Но сколько бы я не боролась, против транквилизаторов бессильна. Прежде чем окончательно отключиться, я вижу Керри. Ее смеющееся лицо, и бикини ядовитых расцветок, и блестящие на солнце кудряшки. Я даже чувствую ее запах, смешавшийся со свежестью морского бриза. Боже, лучше бы мне не просыпаться. Потому что когда я очнусь, останется только топать ногами, обвинять ветер и кричать о несправедливости жизни… а об этом итак уже все знают, мне никого не удивить.

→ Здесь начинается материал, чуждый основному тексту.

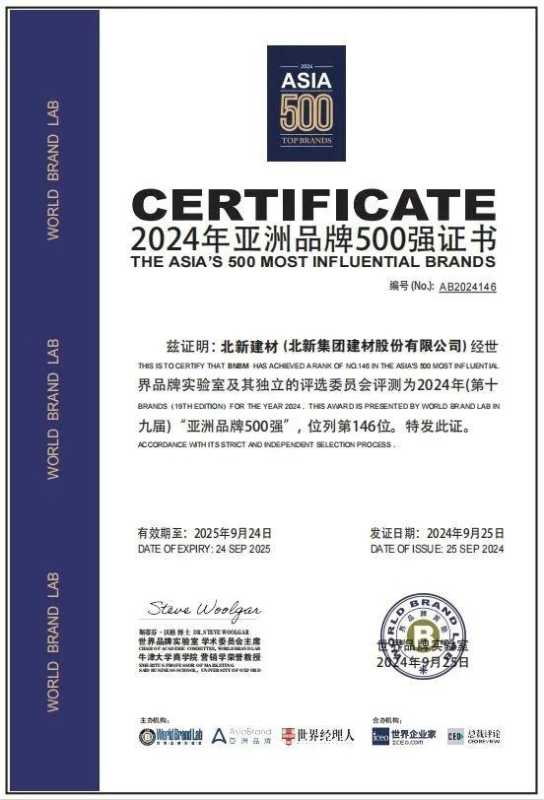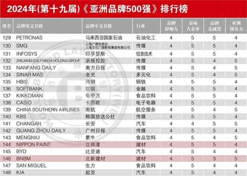 在2024《亚洲品牌500强》排行榜中位列146位的北新建材,排名比上年前进2位;在上榜的建材品牌中,北新建材次于所属母集团旗下的中国建材(第86位)和立邦(第144位),再次蝉联亚洲建材品牌三强,并将跟立邦的距离缩小至2位。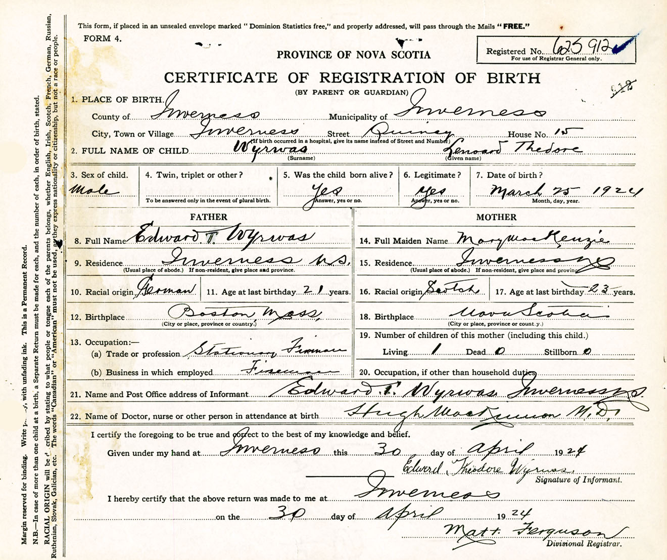 Male Birth Registration: Year: 1924 number: 62500912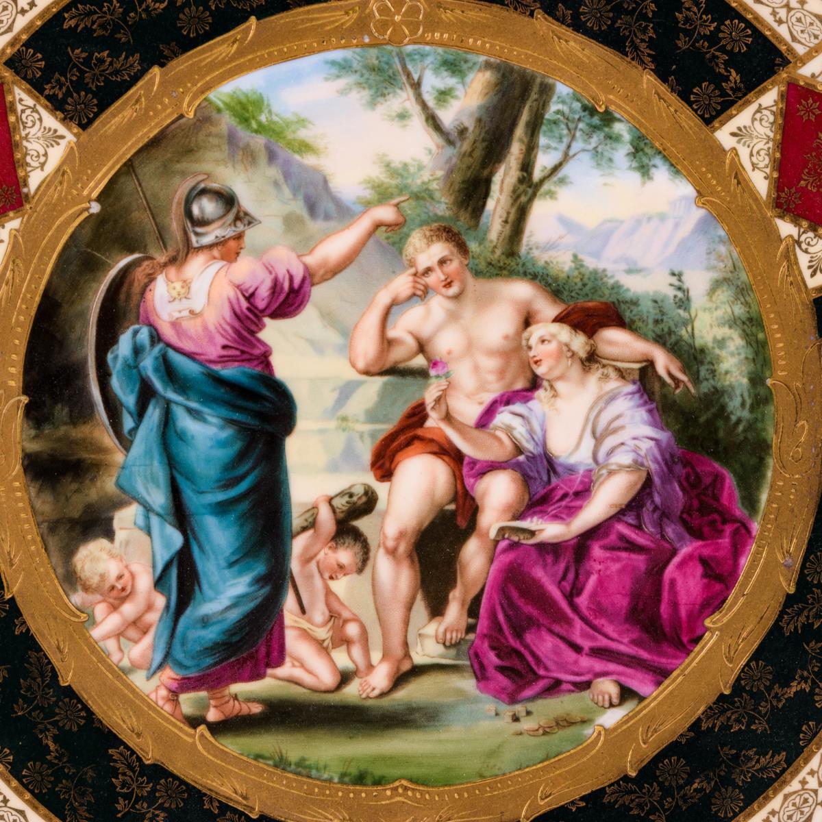Grüner, beigefarbener und bordeauxroter Teilfond. Im Spiegel eine mythologische Darstellung. Minimaler Goldabrieb.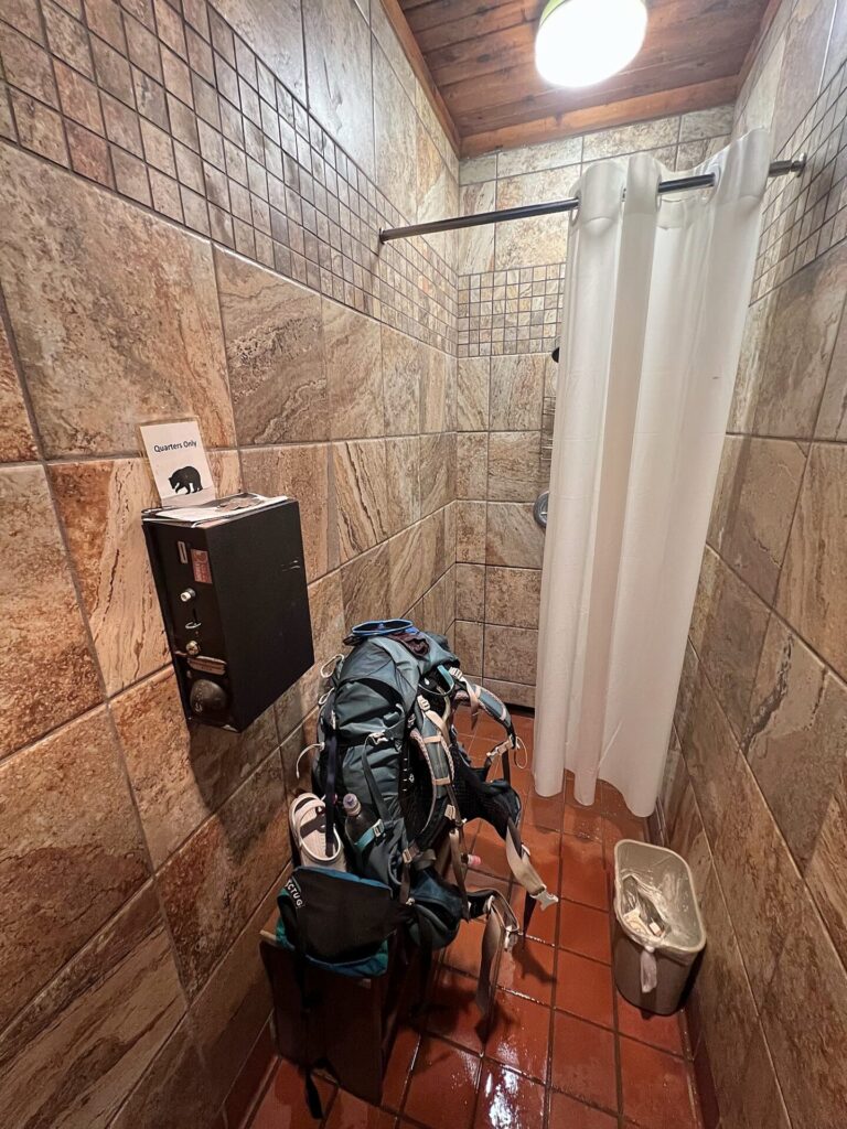 Ultimately, when it’s pouring, morale gets low quickly, and you start to feel less and less human. Having a bathroom with water, toilets, soap, trash cans, etc., close by and a bear box for food that keeps it protected and dry overnight, just that little extra, really helps us leave a bit more motivated in the morning.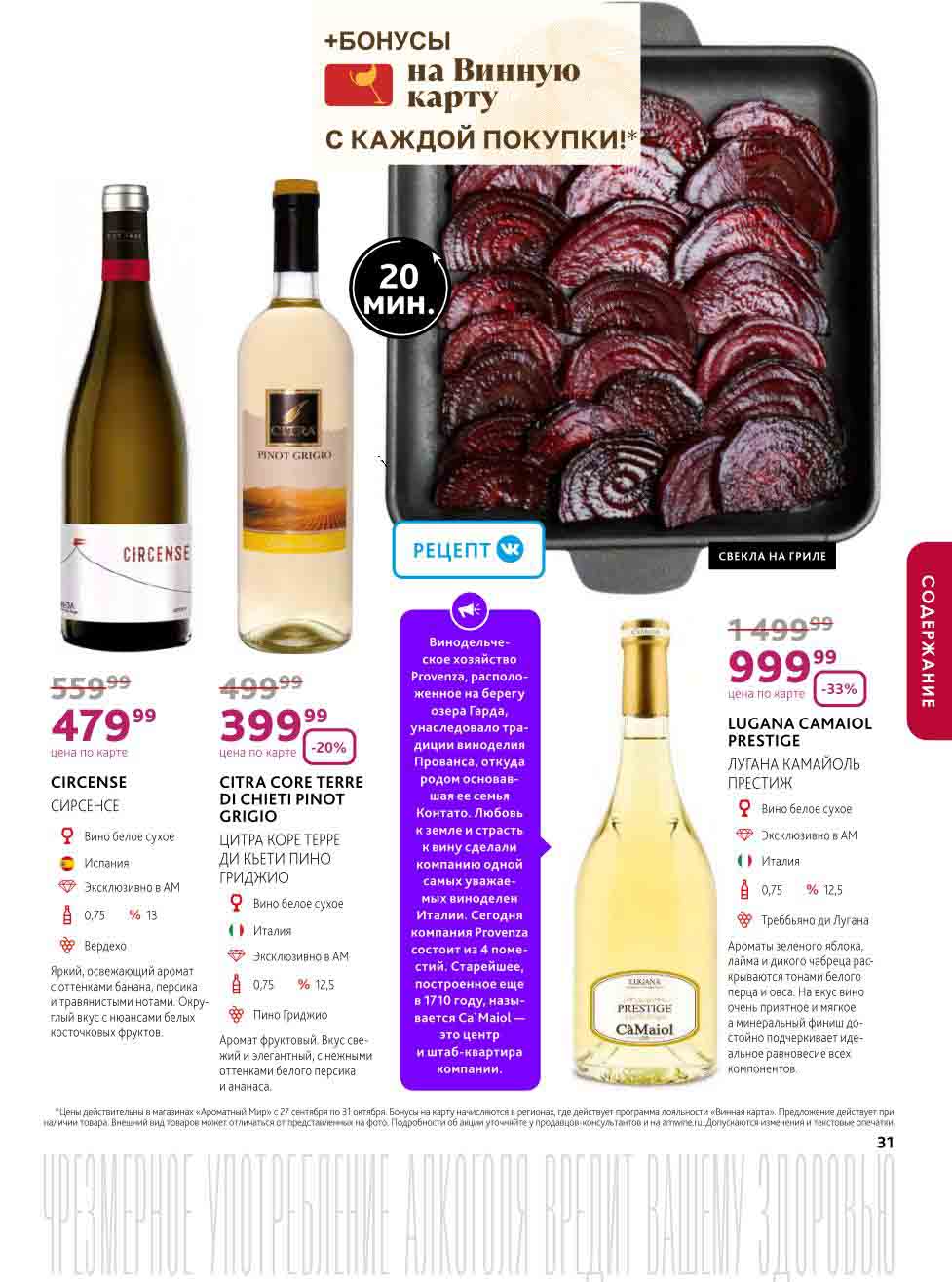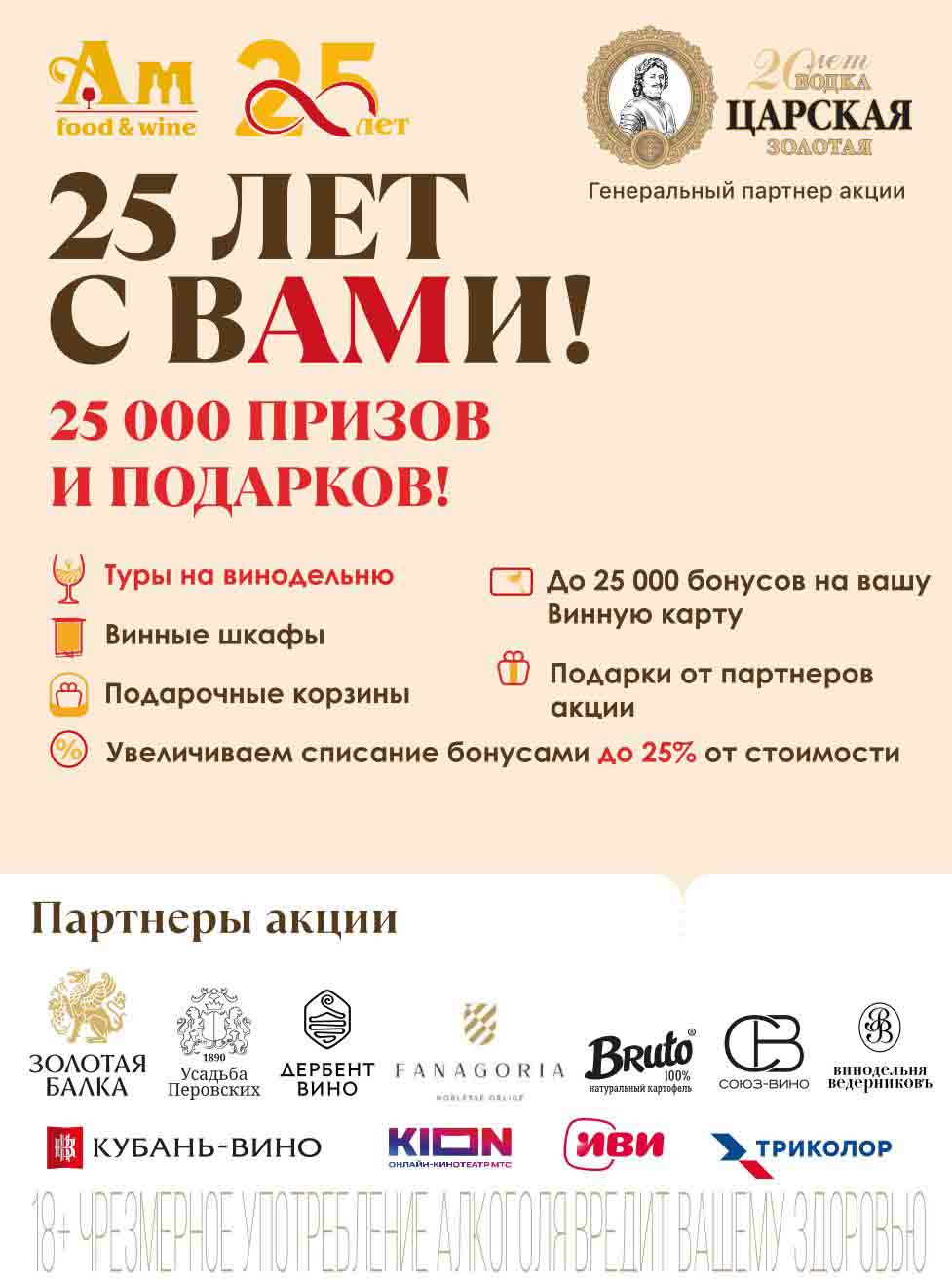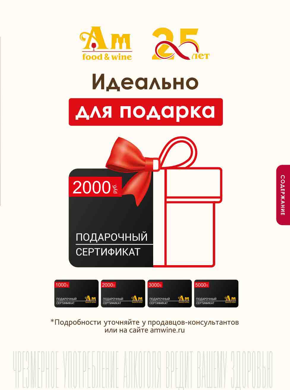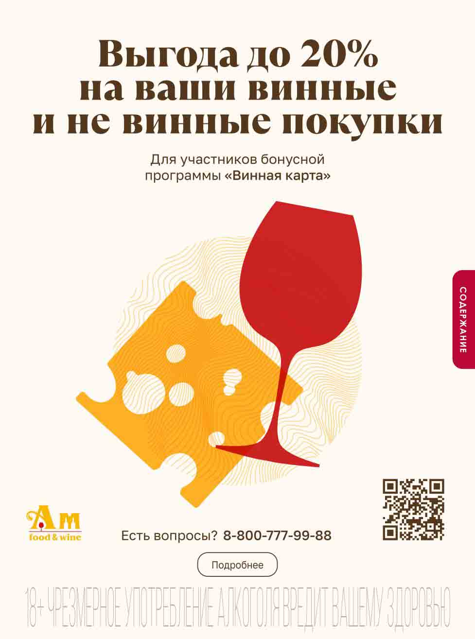 Подробную информацию об правилах, наличии товаров, адресах и скидках узнавайте в магазинахили по тел.: 8 (495) 108-68-68и на сайте: amwine.ru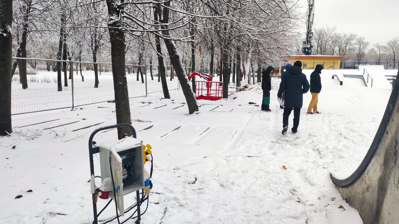 На фотографии изображён участок строительной зоны рядом со скейтпарком в городском парке, покрытый снегом. В левой части кадра установлен временный электрощиток на металлической стойке, к которому подведены кабели, используемые для подключения оборудования в процессе работ. На заднем плане видна красная монтажная площадка-кран балочной стойки и группа людей, осматривающих территорию. Покрытие земли частично перекрыто бетонными плитами, уложенными для временного прохода. Территория ограждена металлическим забором, а деревья вокруг покрыты снегом, что подчёркивает зимний сезон. Снимок подходит для материалов о благоустройстве, подготовительных работах и эксплуатации временной строительной инфраструктуры.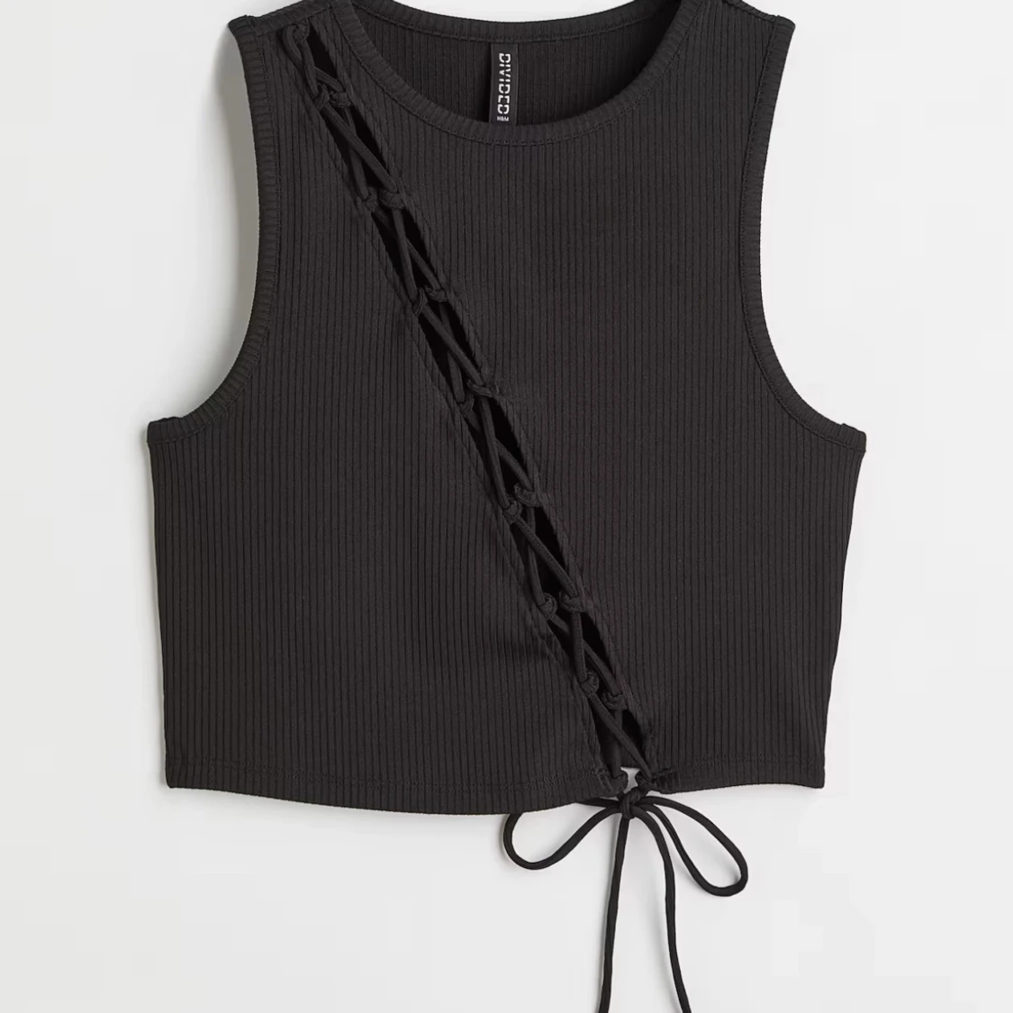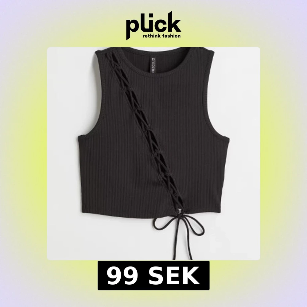 Säljer en svart croppad linnetopp från H&M med ribbad struktur och snörningsdetalj i diagonal över framsidan. Toppen är ärmlös och har en snygg knytning längst ner. Köpt för 149 men inte använd.

Я просыпаюсь в палате. От платья избавлена и переодета в обычную одежду. Хорошая новость — в больнице меня не оставят, плохая — мне ничего не приснилось.

— Я достала эту одежду из чемодана, с которым ты собиралась лететь на курорт, — устало говорит Селия, зачехляя телефон. Ну конечно, думаю, ей надо вшить в ухо чертов передатчик, чтобы сэкономить время, а то доставать мобильный каждые три минуты — адская мука, наверное. Я так зла на нее. И не за то, что она мне солгала, остальные люди вызывают те же чувства. Одна лишь мысль о том, что у других, у всех, кроме Лайонела и малышей, дела идут прекрасно, приводит меня в бешенство.

— Что, неужели Ашер объявился? — ядовито спрашиваю я.

— Нет.

— Тогда зачем ты здесь? В отличие от него, ты мне ничего не обещала, а, стало быть, ничего не должна. Или все родные и близкие меня бросили, совсем как он? Да не верю, родители бы не ушли, пока не удостоверились, что я в норме. Но в палате почему-то только ты.

Как так?

— Я решила, побыть с тобой сама. Подумала, стенания о вселенской скорби и печали будут лишними.

Эти слова заставляют меня злобно рассмеяться.

— Знаешь, Селия, спасибо и браво! До встречи с тобой я была уверена, что помешана на контроле, но теперь вижу, что совсем не безнадежна.

А она лишь сдержанно улыбается. Ее мои пощечины нисколько не трогают.

— Ашер сообщил, что уезжает в медовый месяц. Один. Он считает, что вам лучше некоторое время не видеться.

— Отличная мысль. А, главное, все честно. У меня умерла подруга, а он бросил меня у алтаря и поехал развлекаться.

— Почти уверена, что в этом так или иначе замешан Эмилио Юнт. Но с его стороны гадко, не поспоришь, — мрачно говорит Селия.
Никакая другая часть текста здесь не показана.